_ASSIGNMENT_
One part of the entries below is wanted: the lines from the one containing "3月15日(金)の午後、全校" through the one containing "キッチン側には、収納物に合わ". Write those out exactly and nothing else.

_SOURCE RECORDS_
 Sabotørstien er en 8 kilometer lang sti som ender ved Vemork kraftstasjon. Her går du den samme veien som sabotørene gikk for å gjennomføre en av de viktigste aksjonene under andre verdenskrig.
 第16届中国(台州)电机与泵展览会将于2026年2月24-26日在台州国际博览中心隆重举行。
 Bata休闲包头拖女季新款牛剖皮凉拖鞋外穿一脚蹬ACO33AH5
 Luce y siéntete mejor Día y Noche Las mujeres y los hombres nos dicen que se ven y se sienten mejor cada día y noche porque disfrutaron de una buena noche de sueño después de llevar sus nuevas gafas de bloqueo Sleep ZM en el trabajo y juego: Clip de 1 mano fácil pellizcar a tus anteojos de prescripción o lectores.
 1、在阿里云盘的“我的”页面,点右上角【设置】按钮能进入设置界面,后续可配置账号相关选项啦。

--

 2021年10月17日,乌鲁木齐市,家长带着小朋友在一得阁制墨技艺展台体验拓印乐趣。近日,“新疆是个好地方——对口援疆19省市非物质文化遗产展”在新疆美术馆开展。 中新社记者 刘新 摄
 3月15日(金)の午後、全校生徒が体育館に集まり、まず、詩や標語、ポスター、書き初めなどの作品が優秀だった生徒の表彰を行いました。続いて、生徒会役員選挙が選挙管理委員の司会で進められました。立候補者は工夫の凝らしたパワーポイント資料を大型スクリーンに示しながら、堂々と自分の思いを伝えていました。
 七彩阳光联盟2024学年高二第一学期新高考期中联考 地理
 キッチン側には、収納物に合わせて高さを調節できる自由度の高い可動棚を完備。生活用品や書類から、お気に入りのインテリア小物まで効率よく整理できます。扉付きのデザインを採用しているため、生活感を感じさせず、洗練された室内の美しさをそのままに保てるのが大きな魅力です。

_OUTPUT BELOW_
 3月15日(金)の午後、全校生徒が体育館に集まり、まず、詩や標語、ポスター、書き初めなどの作品が優秀だった生徒の表彰を行いました。続いて、生徒会役員選挙が選挙管理委員の司会で進められました。立候補者は工夫の凝らしたパワーポイント資料を大型スクリーンに示しながら、堂々と自分の思いを伝えていました。
 七彩阳光联盟2024学年高二第一学期新高考期中联考 地理
 キッチン側には、収納物に合わせて高さを調節できる自由度の高い可動棚を完備。生活用品や書類から、お気に入りのインテリア小物まで効率よく整理できます。扉付きのデザインを採用しているため、生活感を感じさせず、洗練された室内の美しさをそのままに保てるのが大きな魅力です。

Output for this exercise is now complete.